Data excerpt START
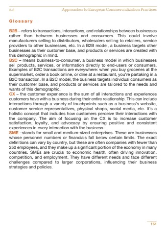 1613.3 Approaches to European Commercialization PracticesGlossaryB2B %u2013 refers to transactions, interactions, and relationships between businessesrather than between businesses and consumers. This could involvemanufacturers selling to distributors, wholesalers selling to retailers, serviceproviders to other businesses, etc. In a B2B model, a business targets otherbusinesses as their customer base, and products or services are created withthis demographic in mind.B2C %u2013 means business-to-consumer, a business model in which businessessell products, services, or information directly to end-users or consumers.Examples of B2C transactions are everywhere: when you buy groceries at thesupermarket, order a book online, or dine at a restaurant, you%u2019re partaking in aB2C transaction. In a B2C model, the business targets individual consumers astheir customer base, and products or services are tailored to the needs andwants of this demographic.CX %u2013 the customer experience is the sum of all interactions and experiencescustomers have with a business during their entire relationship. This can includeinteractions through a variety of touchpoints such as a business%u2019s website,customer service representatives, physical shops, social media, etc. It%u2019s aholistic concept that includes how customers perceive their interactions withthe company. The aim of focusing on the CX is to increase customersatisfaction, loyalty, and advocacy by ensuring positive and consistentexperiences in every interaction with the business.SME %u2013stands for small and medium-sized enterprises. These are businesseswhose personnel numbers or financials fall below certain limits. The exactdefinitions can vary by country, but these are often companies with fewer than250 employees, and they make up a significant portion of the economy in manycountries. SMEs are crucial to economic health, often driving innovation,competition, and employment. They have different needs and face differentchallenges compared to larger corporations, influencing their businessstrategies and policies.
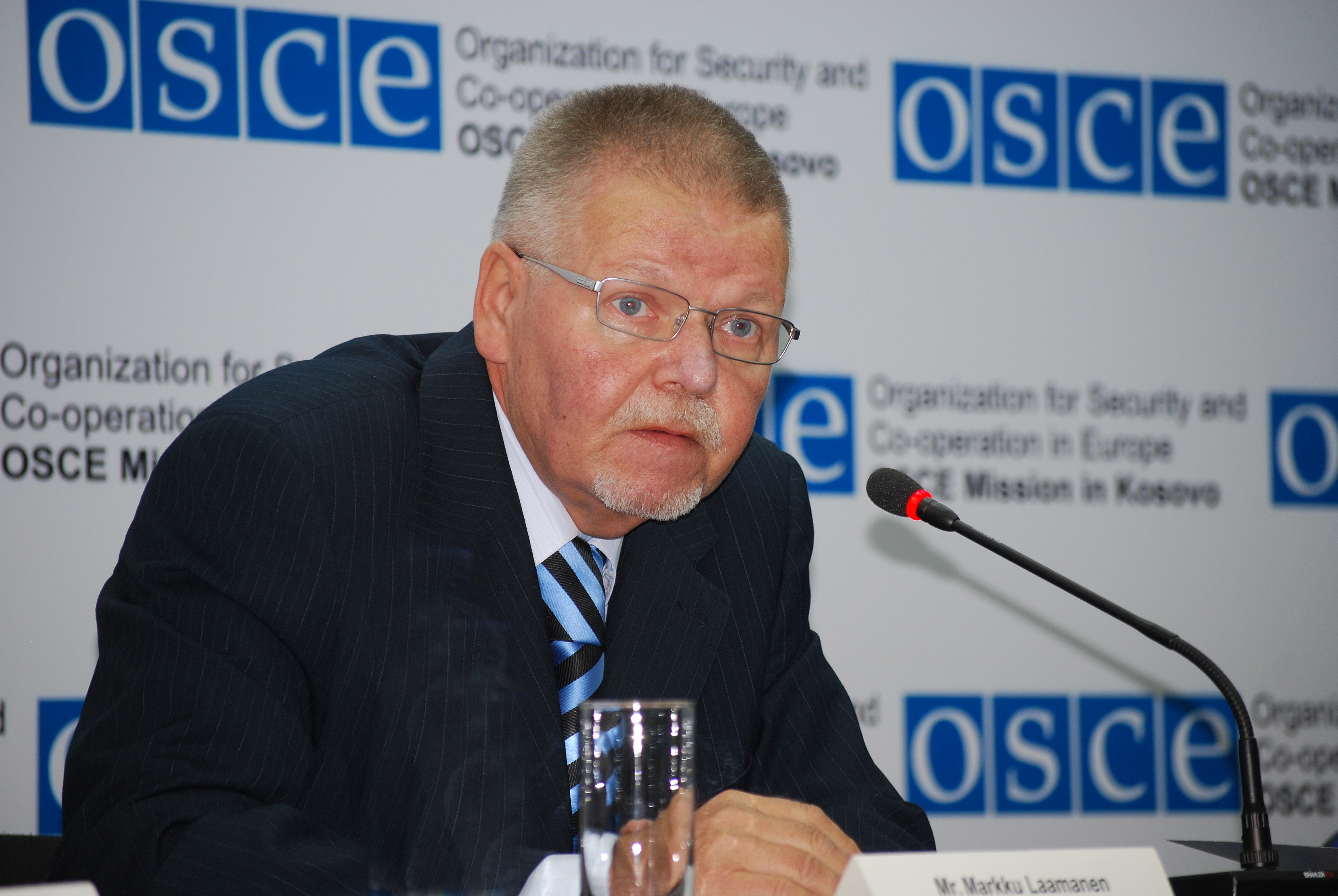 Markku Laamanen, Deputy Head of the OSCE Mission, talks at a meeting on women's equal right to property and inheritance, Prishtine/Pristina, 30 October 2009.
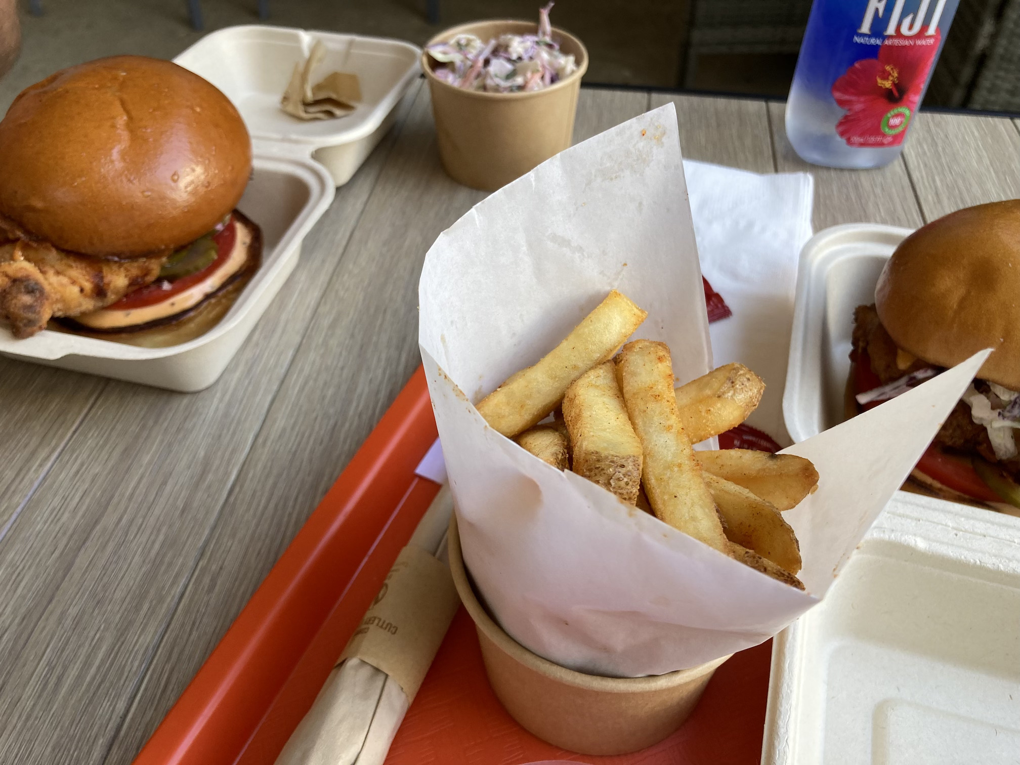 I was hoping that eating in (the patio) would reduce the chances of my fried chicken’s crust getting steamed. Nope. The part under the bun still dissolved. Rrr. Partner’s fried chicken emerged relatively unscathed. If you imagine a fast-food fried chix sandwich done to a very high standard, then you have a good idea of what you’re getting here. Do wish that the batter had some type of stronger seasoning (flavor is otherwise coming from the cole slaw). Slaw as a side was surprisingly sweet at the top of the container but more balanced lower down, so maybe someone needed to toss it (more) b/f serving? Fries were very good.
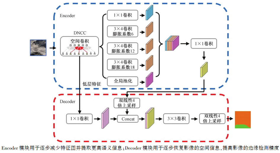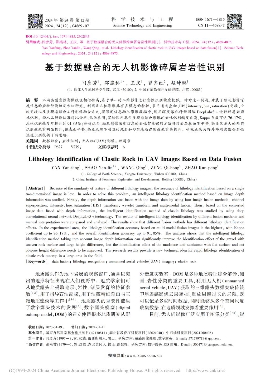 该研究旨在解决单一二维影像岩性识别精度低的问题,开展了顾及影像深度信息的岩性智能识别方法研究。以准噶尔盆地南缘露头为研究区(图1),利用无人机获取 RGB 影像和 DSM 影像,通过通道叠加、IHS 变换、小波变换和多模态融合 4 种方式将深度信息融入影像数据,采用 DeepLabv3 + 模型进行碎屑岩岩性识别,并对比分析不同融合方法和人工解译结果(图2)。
Data excerpt END
The problem -> Every line of the listing is to be repeated exactly, and the pictures are to be dropped.

Result of this task ->
 1613.3 Approaches to European Commercialization PracticesGlossaryB2B %u2013 refers to transactions, interactions, and relationships between businessesrather than between businesses and consumers. This could involvemanufacturers selling to distributors, wholesalers selling to retailers, serviceproviders to other businesses, etc. In a B2B model, a business targets otherbusinesses as their customer base, and products or services are created withthis demographic in mind.B2C %u2013 means business-to-consumer, a business model in which businessessell products, services, or information directly to end-users or consumers.Examples of B2C transactions are everywhere: when you buy groceries at thesupermarket, order a book online, or dine at a restaurant, you%u2019re partaking in aB2C transaction. In a B2C model, the business targets individual consumers astheir customer base, and products or services are tailored to the needs andwants of this demographic.CX %u2013 the customer experience is the sum of all interactions and experiencescustomers have with a business during their entire relationship. This can includeinteractions through a variety of touchpoints such as a business%u2019s website,customer service representatives, physical shops, social media, etc. It%u2019s aholistic concept that includes how customers perceive their interactions withthe company. The aim of focusing on the CX is to increase customersatisfaction, loyalty, and advocacy by ensuring positive and consistentexperiences in every interaction with the business.SME %u2013stands for small and medium-sized enterprises. These are businesseswhose personnel numbers or financials fall below certain limits. The exactdefinitions can vary by country, but these are often companies with fewer than250 employees, and they make up a significant portion of the economy in manycountries. SMEs are crucial to economic health, often driving innovation,competition, and employment. They have different needs and face differentchallenges compared to larger corporations, influencing their businessstrategies and policies.
 Markku Laamanen, Deputy Head of the OSCE Mission, talks at a meeting on women's equal right to property and inheritance, Prishtine/Pristina, 30 October 2009.
 I was hoping that eating in (the patio) would reduce the chances of my fried chicken’s crust getting steamed. Nope. The part under the bun still dissolved. Rrr. Partner’s fried chicken emerged relatively unscathed. If you imagine a fast-food fried chix sandwich done to a very high standard, then you have a good idea of what you’re getting here. Do wish that the batter had some type of stronger seasoning (flavor is otherwise coming from the cole slaw). Slaw as a side was surprisingly sweet at the top of the container but more balanced lower down, so maybe someone needed to toss it (more) b/f serving? Fries were very good.
 该研究旨在解决单一二维影像岩性识别精度低的问题,开展了顾及影像深度信息的岩性智能识别方法研究。以准噶尔盆地南缘露头为研究区(图1),利用无人机获取 RGB 影像和 DSM 影像,通过通道叠加、IHS 变换、小波变换和多模态融合 4 种方式将深度信息融入影像数据,采用 DeepLabv3 + 模型进行碎屑岩岩性识别,并对比分析不同融合方法和人工解译结果(图2)。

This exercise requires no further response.